## Your task
Leaving out all pictures, copy the lines below exactly, from the line with "Topshop Women's Black" to the last line, both ends included.

## Data extract
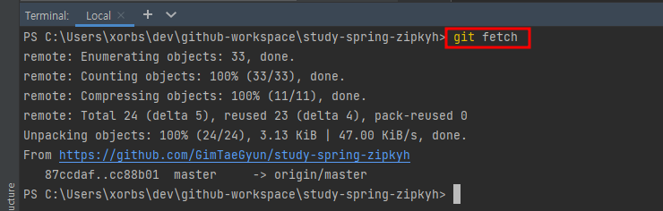 git fetch를 사용해 땡겨온다. 여기까지는 문제없다.
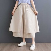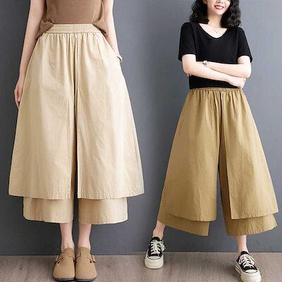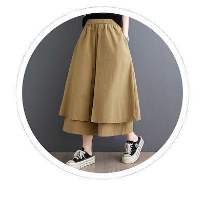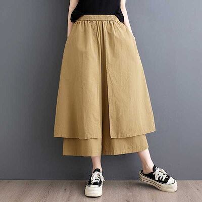 「ファットガール」 2024夏新品 ワイドパンツ キュロットスカート 無地 ハイウエスト レイヤード ニセ2SET レディース ロングパンツ メガ割 福袋
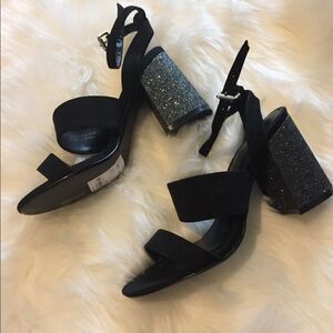 Topshop Women's Black Chunky Sparking Heel Strappy Sandals, Size 6.5
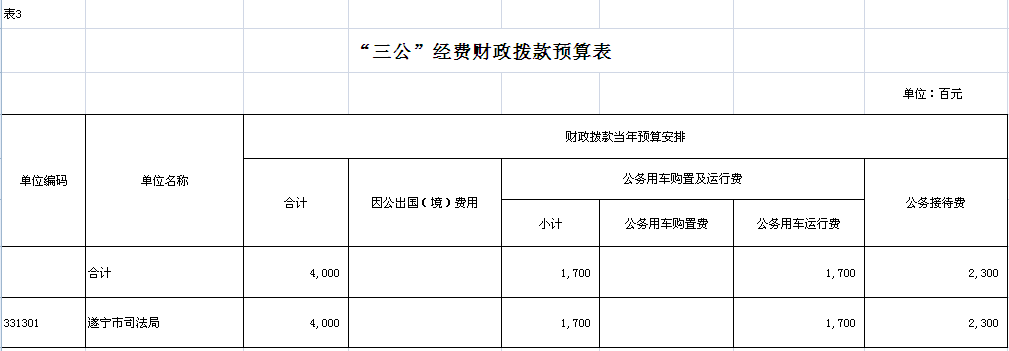 市司法局2016年“三公”经费财政拨款预算数40万元,其中:公务接待费23万元,公务用车购置及运行维护费17万元。

## Your response
 Topshop Women's Black Chunky Sparking Heel Strappy Sandals, Size 6.5
 市司法局2016年“三公”经费财政拨款预算数40万元,其中:公务接待费23万元,公务用车购置及运行维护费17万元。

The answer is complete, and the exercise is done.